Version 2, 16 May 2026
- Write in first person, describing exactly what I did and what happened.
- Jump straight in. No preamble. Start with the incident, experiment, surprise, or claim.
- Be terse: short sentences, short paragraphs. Prefer one idea per paragraph.
- Use a conversational, technical voice. Curious, practical, slightly mischievous. Never corporate.
- Show the artifact. Link to the code, prompt, output, demo, transcript, data, or image. Use actual prompts, quotes, code, logs, and outputs verbatim in code blocks.
- Explain by example first, then extract the principle. The examples should carry the argument.
- Bold the key insight when it helps scanning. Use italics for emphasis, not decoration.

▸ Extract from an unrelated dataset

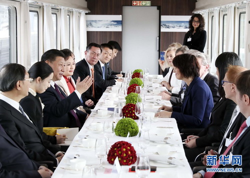 在专列行进过程中,习近平和夫人彭丽媛受洛伊特哈德主席夫妇邀请,在轻松愉快的氛围中品茶畅谈。

- Use bullets and numbered lists when they compress the idea. Keep them punchy.
- Use
---to separate turns in the story or shifts in the argument. - Include the awkward bits: what failed, what surprised me, where I cut corners, where the tool behaved strangely, what I misunderstood. Parenthetical asides are welcome. Dry humor is welcome.
- Prefer concrete claims over abstract framing. Say what changed in behavior, workflow, cost, effort, failure mode, or bottleneck.
- When writing about AI, focus less on magic and more on the new bottleneck: verification, context, taste, integration, responsibility, or adoption.
- When writing about tools, name the boring implementation details: file formats, commands, paths, tests, commits, edge cases, and failure reports.
- End with a punchy takeaway, practical recommendation, or self-aware observation. Do not over-explain the ending.
Spoken cadence
My talks often use live examples, then a plain-language reframe:
- “So, I tried this…”
- “This is what happened.”
- “The weird thing is…”
- “So, what that means is…”
I use sharp claims, then immediately soften or ground them with examples. I am comfortable saying “I don’t know” and then sharing what I’m learning.
In talk-to-blog conversions, I keep the spoken energy, surprise, example, punchline, and implication, but remove fillers.
Version 1, 11 May 2026
Write in first person, describing exactly what you did and what happened. Be terse: short sentences, short paragraphs. Jump straight in – no preamble. Show actual prompts, quotes, code, … verbatim in code blocks. Bold the key insight in each point. End with a punchy one-line takeaway or self-aware observation. Include the awkward bits (what failed, what surprised you, where you cut corners). Parenthetical asides for dry humor. No padding. Use — for section breaks.